§ Assigned task:
Using only the entries below, copy exactly the lines that begin at the one with "Eine Luxus-Uhr mit" and end at the one with "Meeting between the", both included. Drop the pictures.

═══ The input ═══

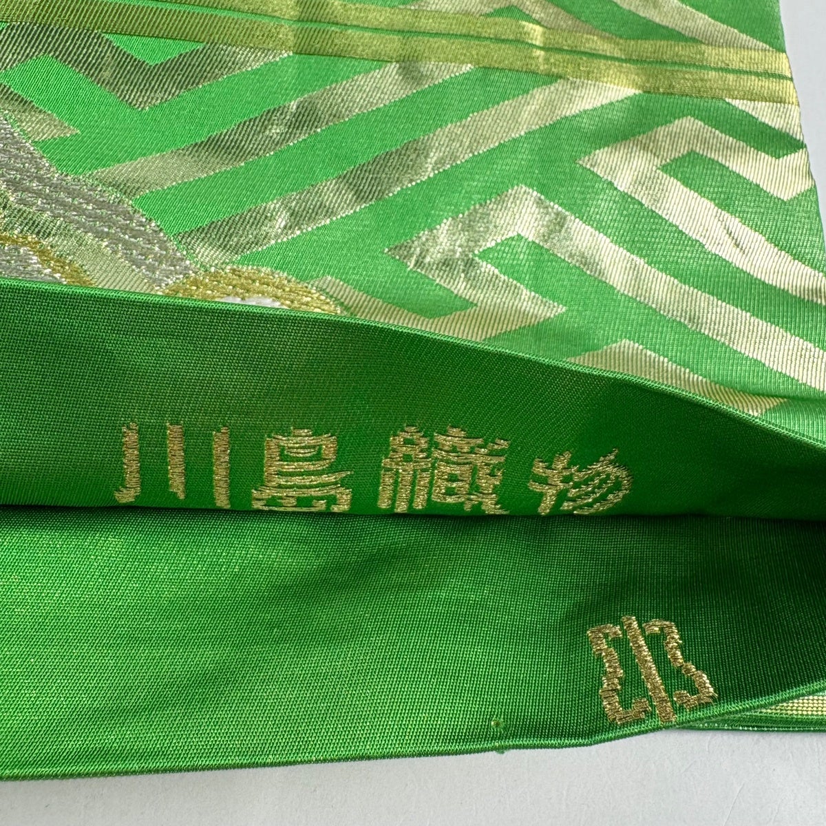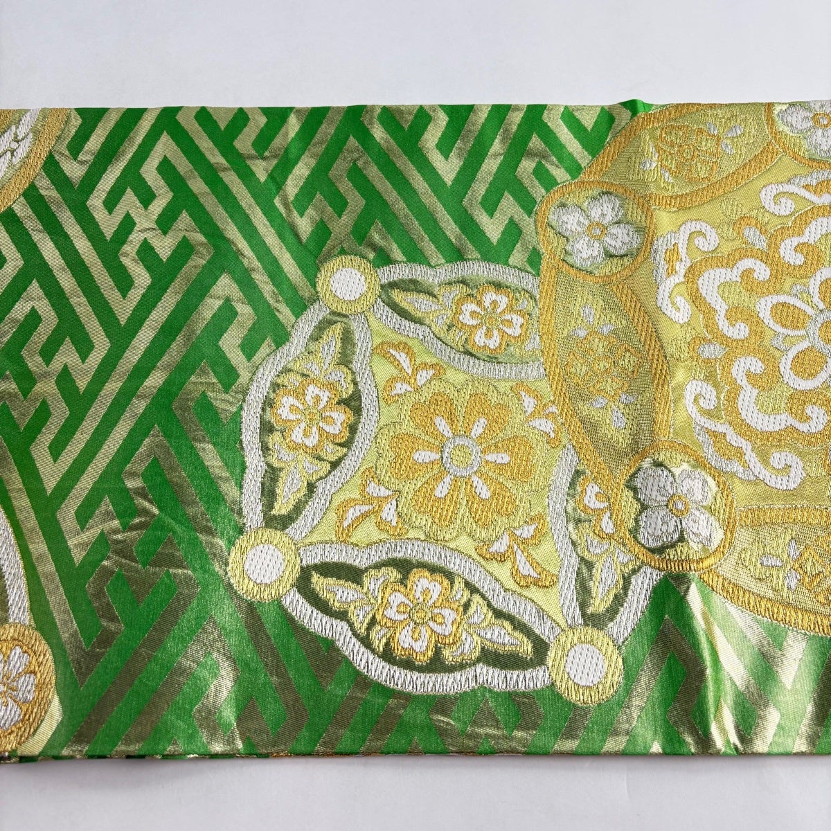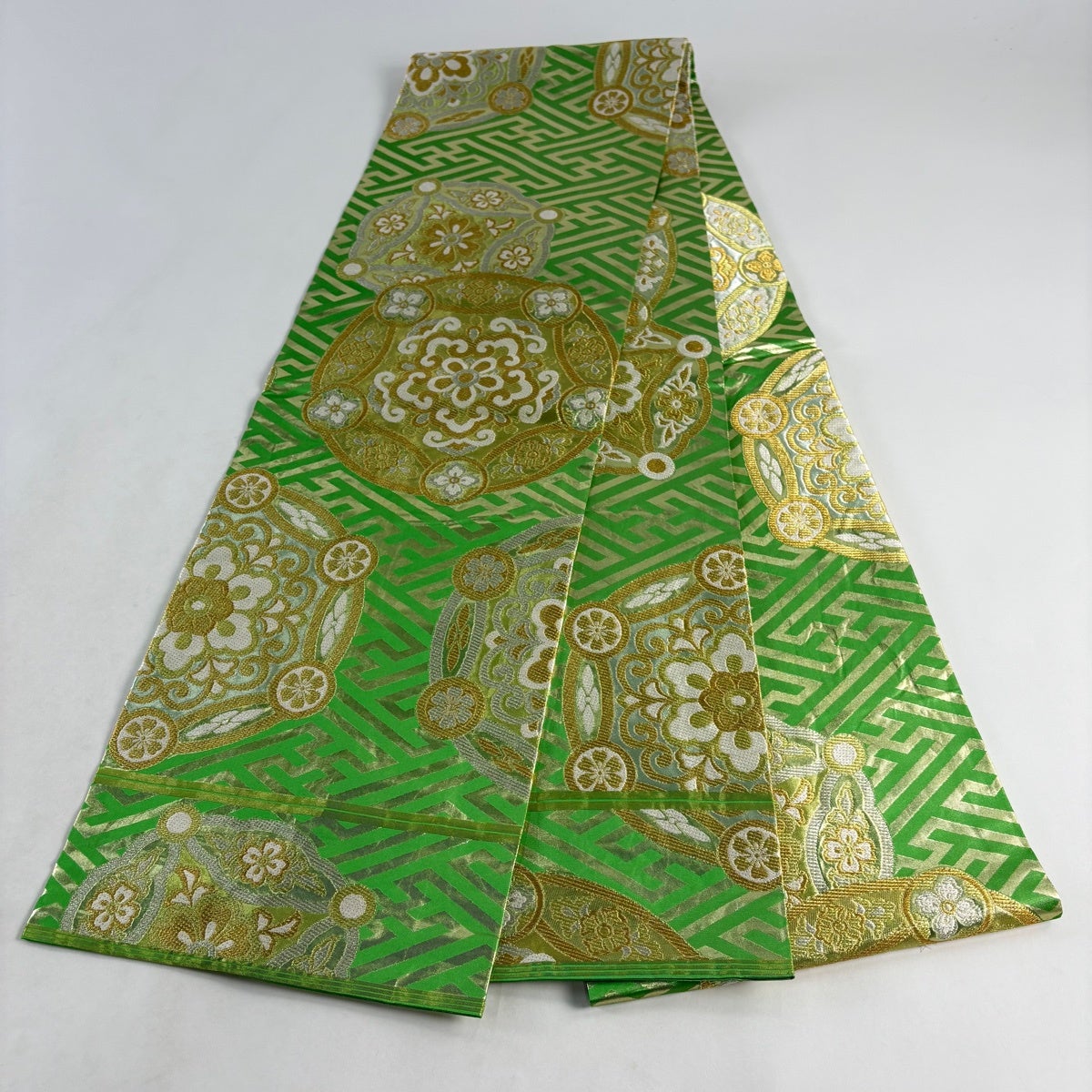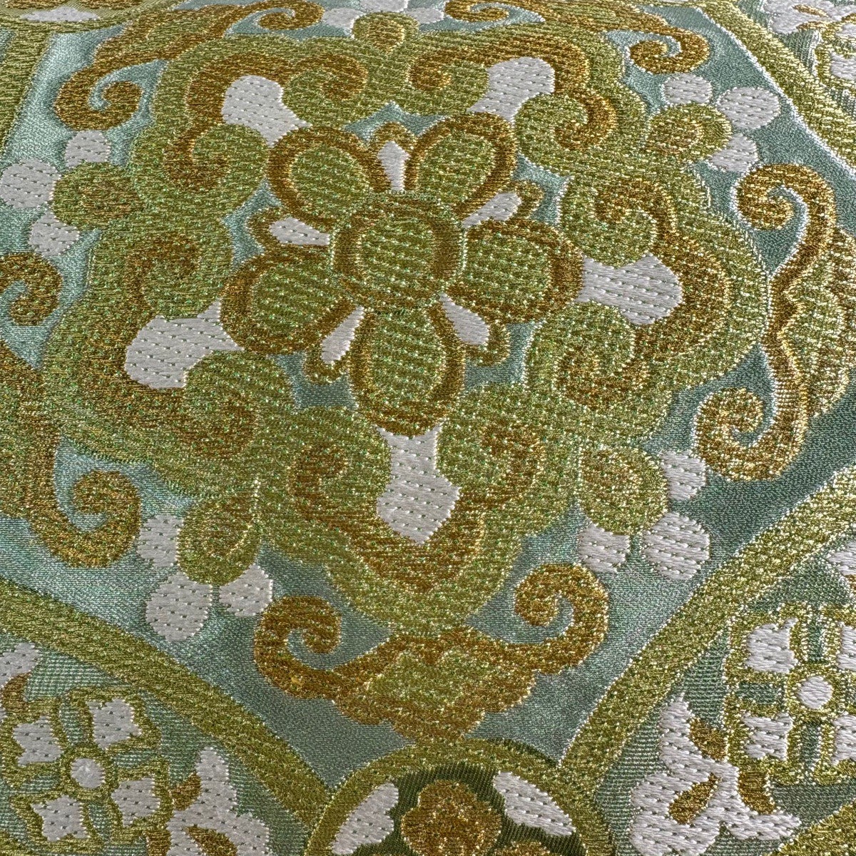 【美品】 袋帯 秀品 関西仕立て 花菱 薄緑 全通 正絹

═══
═══ The input ═══

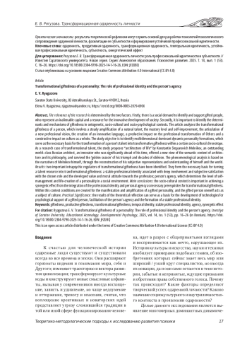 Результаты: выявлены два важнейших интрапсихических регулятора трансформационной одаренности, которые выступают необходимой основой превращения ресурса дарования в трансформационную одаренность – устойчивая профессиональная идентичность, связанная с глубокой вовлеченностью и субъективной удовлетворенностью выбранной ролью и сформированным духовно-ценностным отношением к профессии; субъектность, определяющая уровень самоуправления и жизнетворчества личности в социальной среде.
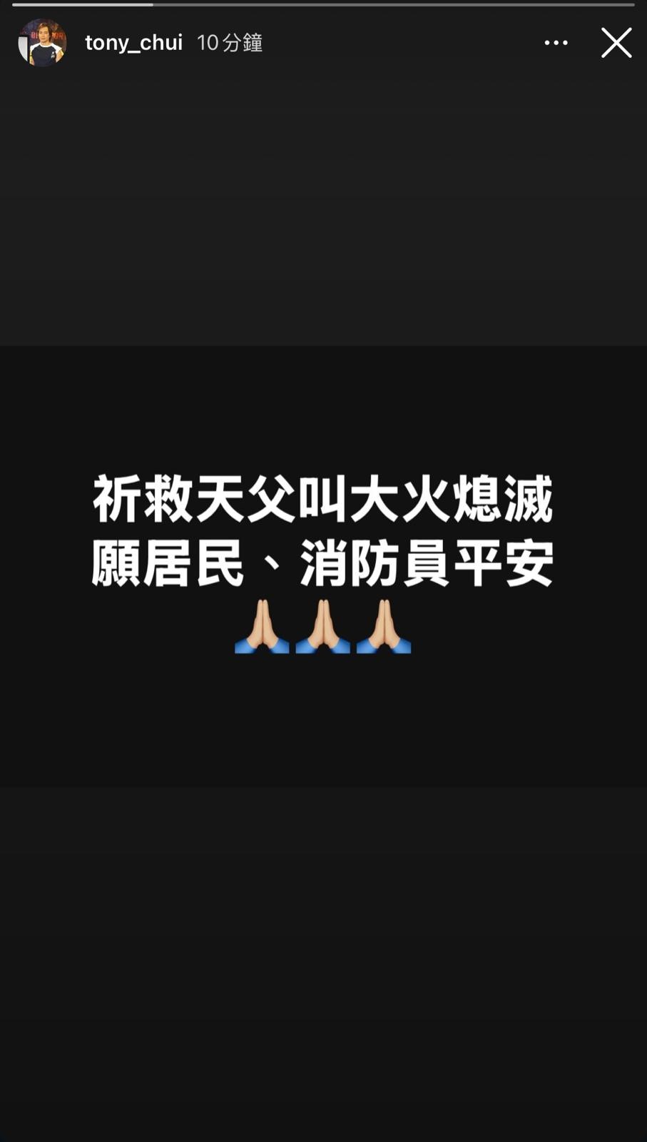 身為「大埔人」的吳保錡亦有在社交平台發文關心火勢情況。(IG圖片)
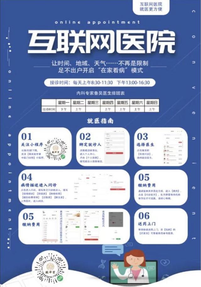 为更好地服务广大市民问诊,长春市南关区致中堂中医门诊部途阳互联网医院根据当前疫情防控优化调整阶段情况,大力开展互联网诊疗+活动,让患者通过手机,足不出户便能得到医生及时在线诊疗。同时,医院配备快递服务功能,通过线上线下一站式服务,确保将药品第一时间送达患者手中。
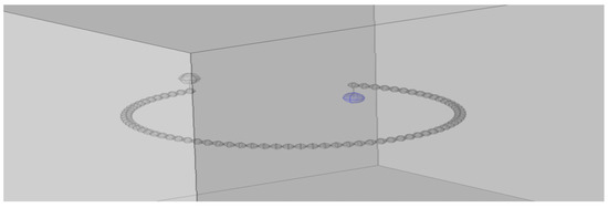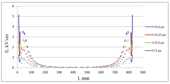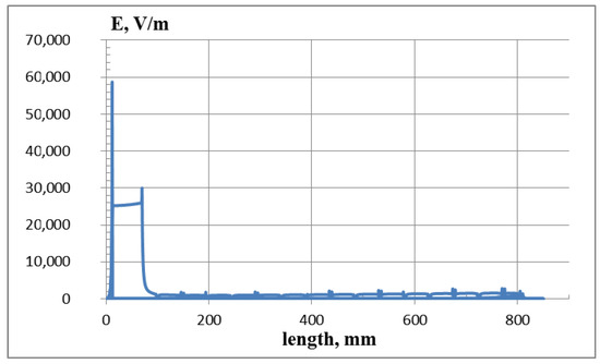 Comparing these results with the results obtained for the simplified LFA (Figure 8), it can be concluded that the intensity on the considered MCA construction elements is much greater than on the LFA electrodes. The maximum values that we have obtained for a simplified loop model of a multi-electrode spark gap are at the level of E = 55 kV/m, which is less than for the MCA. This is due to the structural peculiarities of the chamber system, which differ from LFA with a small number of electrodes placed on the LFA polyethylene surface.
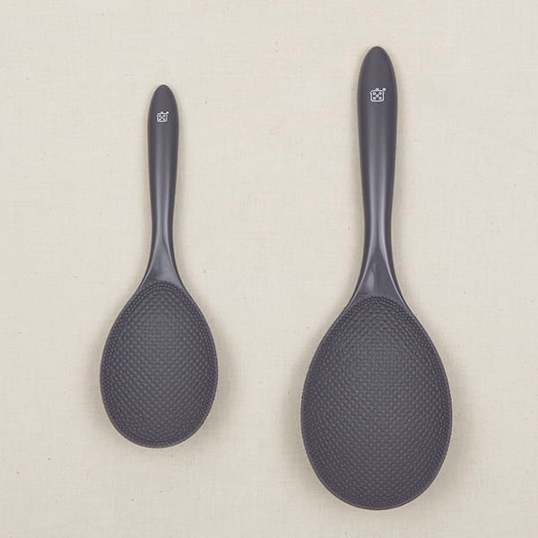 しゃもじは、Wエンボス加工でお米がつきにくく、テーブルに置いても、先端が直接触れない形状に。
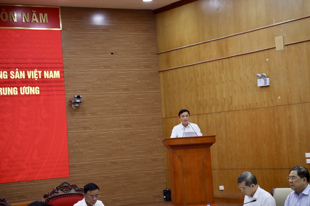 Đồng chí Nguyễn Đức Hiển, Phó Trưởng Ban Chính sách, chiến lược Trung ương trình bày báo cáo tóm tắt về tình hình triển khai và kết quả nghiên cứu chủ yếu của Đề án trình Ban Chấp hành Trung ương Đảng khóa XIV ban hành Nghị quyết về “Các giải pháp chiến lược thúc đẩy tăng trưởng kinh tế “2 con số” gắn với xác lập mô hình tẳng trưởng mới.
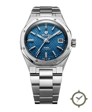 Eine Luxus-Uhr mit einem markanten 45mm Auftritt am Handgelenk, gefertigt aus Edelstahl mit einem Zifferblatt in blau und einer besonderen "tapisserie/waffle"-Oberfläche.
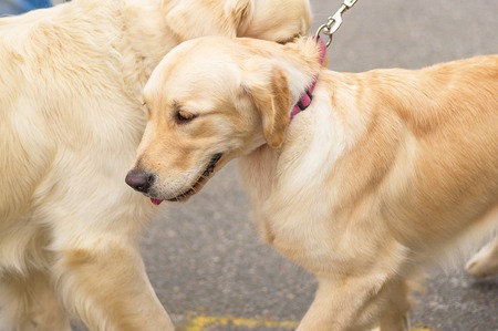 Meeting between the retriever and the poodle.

═══

§ Response:
 Eine Luxus-Uhr mit einem markanten 45mm Auftritt am Handgelenk, gefertigt aus Edelstahl mit einem Zifferblatt in blau und einer besonderen "tapisserie/waffle"-Oberfläche.
 Meeting between the retriever and the poodle.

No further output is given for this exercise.